After a debtor files bankruptcy, creditors may file a Proof of Claim (POC) with the bankruptcy court to assert that the debtor owes them money. When filing a Proof of Claim, the creditor must provide certain information and documentation to the bankruptcy court proving the debt is valid. The Fair Debt Collections Practices Act (FDCPA) prohibits debt collectors from engaging in false, deceptive, misleading or unfair practices. The question becomes, does a creditor violate the FDCPA when they file a Proof of Claim in a bankruptcy case where the statute of limitation has run?
One may think that filing a claim to get paid on a debt that is time barred by statue would obviously be deceptive or misleading. The Supreme Court in Midland Funding, LLC v. Johnson determined that filing a POC that is “time barred is not a false, deceptive, misleading unfair or unconscionable debt collection practice within the meaning of the Fair Debt Collections Practices Act.”
Whether a debt is collectable, in most cases, is a matter of state law. How a Statute-of-Limitations (SOL) effects a debt’s collectability is matter of state law. In some states, the SOL is merely an affirmative defense and does not automatically extinguish the debt. In other states, the SOL extinguishes the debt. In states where the SOL is an affirmative defense, the debtor must raise the argument, usually after being sued, and have the court rule on it. If the debtor fails to raise the SOL argument, then the debt becomes a judgment and is valid. In most cases, the debtor must raise the SOL argument early in the suit or risk losing it as an affirmative defense.
In the case before the Supreme Court, Alabama state law creates an affirmative defense that the debtor must raise, rather than extinguishing the debt. Therefore, even though he SOL had run, since the affirmative defense had never been raised, there was still a valid debt. Had state law been different, and automatically extinguished the debt, then perhaps SCOTUS would have ruled differently.

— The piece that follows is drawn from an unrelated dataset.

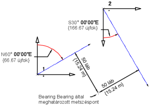 Egy metszéspont található az 1. ponttól megrajzolt N66.6667"E bearing irányszög, melynek eltolási távolsága 50 láb jobbra, és a 2. ponttól megrajzolt S33.3333"E irányszög, melynek eltolási távolsága szintén 50 láb jobbra között.
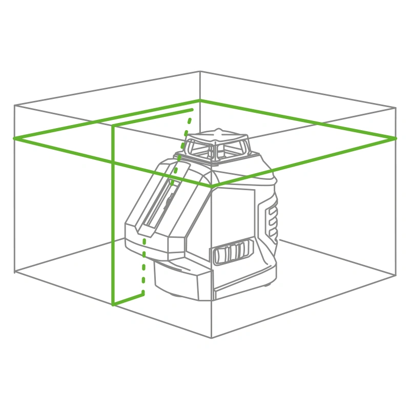Лазерный уровень проецирует горизонтальную и вертикальную плоскости с разверткой в 360 °. Линии позволят создать точную разметку для монтажных, отделочных или строительных работ. А при блокировке компенсатора модель сможет выстраивать наклонные линии.

Another argument SCOTUS considered was whether the creditor has a “right to payment” or an “enforceable claim.” The debtor in Midland argued that because the creditor did not have an enforceable claim, meaning they would lose in state court, that they should not be permitted to file a Proof of claim. The Supreme Court disagreed. Just because the creditor would most likely lose in a state court trial, did not mean that they did not have a “right to payment” which is all that is required to file a Proof of Claim. The Supreme court went on to explain that the debtor in bankruptcy was still protected because the Trustee and/or debtor’s counsel could file an objection to a POC that was time barred.

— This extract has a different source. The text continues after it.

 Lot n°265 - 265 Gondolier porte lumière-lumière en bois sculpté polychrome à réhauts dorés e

Ultimately, the Midland case benefits creditors, but only to a limited degree. A debt collector that files a POC for an unextinguished, time-barred debt will not be sanctioned. However, creditors still need to be careful when filing a POC in a jurisdiction where the SOL extinguishes the debt – rather than merely creates an affirmative defense. Also, just because they can file the Proof of Claim, does not mean it will be paid out because the Trustee may still object to it. Certainly, with this decision, creditors will file time-barred claims, and in some cases, they will get paid out. It will place more work on debtor’s counsel and Trustees; but overall, I’m not sure it will not matter in most cases. Most Chapter 7 bankruptcies are “no asset” cases and Proof of Claims are rarely filed. Attorneys and Trustees will have to be more careful in reviewing the filed Proof of Claims in Chapter 13 bankruptcies and Chapter 7 asset cases.